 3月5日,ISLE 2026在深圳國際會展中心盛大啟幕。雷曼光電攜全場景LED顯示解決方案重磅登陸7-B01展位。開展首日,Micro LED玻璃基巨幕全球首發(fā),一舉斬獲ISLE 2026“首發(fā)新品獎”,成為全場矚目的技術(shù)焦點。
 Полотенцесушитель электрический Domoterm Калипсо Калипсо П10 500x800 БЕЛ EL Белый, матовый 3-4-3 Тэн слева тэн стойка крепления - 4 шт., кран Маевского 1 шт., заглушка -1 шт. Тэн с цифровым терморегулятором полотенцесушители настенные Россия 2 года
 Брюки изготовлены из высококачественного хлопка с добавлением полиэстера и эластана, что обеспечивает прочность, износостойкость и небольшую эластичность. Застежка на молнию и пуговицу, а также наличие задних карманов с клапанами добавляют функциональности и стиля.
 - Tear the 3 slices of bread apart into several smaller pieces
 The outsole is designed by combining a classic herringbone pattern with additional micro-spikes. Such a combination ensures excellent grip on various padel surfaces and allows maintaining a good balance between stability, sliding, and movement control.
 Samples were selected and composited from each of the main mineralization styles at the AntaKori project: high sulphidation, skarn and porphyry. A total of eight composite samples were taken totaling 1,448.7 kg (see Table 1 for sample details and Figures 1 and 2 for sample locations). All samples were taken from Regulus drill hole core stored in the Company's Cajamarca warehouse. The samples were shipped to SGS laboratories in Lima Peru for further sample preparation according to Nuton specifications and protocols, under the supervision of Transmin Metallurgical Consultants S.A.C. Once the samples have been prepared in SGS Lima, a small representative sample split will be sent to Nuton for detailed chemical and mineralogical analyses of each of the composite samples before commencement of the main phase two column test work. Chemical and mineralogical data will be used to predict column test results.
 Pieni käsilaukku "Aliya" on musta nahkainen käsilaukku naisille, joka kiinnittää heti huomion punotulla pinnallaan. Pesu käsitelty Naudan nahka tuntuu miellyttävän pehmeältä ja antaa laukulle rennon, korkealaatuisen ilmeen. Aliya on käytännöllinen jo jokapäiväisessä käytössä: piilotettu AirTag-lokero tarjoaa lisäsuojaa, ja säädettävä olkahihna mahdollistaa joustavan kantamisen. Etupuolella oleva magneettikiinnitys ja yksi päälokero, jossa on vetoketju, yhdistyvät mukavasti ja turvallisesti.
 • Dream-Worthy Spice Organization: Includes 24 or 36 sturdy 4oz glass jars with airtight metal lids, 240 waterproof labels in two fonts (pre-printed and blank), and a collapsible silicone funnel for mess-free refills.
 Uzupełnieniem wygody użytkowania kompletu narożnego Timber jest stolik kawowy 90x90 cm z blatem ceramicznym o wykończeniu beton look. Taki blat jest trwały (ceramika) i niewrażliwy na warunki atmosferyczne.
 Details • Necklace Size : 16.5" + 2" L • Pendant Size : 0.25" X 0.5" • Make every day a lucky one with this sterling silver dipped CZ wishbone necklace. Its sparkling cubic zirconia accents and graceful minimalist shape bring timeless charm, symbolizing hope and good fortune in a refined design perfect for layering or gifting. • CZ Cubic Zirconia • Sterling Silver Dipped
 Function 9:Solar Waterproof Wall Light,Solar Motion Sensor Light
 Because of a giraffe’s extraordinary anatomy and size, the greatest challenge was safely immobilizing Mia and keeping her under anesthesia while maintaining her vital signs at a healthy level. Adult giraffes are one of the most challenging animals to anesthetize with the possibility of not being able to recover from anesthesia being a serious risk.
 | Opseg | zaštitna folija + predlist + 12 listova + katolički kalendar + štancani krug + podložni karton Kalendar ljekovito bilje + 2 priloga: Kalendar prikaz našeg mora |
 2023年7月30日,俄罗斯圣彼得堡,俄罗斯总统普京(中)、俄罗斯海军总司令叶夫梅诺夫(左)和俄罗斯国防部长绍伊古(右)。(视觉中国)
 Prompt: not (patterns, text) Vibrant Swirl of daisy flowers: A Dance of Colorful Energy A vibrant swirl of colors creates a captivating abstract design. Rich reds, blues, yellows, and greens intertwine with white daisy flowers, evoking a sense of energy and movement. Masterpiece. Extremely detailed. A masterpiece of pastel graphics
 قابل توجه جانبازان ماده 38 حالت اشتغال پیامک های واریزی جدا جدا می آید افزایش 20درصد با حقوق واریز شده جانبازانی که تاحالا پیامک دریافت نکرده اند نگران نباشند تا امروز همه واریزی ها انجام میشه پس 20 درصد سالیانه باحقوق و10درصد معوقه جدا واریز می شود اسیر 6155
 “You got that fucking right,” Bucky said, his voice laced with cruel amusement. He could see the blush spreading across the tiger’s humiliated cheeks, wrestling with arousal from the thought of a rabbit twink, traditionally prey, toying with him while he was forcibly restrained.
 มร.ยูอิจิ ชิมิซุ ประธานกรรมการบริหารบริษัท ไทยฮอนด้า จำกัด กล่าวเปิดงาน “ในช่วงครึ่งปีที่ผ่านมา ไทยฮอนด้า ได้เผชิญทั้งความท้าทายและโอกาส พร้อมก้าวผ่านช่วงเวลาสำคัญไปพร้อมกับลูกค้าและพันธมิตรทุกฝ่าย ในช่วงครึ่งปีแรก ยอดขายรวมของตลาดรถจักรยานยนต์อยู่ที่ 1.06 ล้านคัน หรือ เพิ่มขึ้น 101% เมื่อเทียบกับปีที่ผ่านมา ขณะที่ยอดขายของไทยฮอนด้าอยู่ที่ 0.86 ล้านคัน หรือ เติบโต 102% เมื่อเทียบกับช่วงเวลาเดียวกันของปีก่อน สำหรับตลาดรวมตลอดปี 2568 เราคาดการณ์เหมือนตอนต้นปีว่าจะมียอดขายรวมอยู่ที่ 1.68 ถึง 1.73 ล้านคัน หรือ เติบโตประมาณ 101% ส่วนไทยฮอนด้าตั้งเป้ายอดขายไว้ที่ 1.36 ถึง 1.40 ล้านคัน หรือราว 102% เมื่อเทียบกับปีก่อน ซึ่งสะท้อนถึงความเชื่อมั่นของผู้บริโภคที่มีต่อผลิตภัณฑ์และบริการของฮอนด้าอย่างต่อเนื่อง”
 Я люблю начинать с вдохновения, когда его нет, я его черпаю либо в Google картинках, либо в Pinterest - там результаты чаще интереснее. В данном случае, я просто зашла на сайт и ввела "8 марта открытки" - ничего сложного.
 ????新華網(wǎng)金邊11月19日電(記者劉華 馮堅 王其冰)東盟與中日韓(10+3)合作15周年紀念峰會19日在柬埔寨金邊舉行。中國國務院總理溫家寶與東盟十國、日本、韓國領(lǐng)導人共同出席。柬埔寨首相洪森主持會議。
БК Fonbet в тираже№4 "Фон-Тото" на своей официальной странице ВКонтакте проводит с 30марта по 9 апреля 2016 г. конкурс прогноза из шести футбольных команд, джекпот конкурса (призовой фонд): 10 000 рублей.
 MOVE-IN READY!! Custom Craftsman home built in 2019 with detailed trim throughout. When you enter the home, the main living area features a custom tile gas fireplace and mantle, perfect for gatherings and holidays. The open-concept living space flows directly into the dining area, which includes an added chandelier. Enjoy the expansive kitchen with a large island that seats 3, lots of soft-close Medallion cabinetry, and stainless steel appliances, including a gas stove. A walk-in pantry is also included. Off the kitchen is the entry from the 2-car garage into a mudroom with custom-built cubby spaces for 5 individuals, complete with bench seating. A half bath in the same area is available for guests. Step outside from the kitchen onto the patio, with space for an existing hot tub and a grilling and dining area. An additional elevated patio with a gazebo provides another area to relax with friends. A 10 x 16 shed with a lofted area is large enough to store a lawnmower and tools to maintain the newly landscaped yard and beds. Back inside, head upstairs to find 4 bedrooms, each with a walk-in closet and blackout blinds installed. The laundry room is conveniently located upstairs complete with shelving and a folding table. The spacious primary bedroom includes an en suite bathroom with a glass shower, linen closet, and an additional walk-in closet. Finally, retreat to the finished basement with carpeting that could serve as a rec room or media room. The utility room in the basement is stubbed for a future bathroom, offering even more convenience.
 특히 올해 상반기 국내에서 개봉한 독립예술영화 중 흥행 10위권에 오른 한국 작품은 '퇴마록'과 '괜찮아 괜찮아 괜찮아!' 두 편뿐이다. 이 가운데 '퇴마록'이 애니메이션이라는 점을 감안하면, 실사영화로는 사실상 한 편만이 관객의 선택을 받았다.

○ ○ ○ ○

§ Instructions to follow
Some of the data mentions "movement". Copy every line where it does.

§ Finished exercise
 The outsole is designed by combining a classic herringbone pattern with additional micro-spikes. Such a combination ensures excellent grip on various padel surfaces and allows maintaining a good balance between stability, sliding, and movement control.
 Prompt: not (patterns, text) Vibrant Swirl of daisy flowers: A Dance of Colorful Energy A vibrant swirl of colors creates a captivating abstract design. Rich reds, blues, yellows, and greens intertwine with white daisy flowers, evoking a sense of energy and movement. Masterpiece. Extremely detailed. A masterpiece of pastel graphics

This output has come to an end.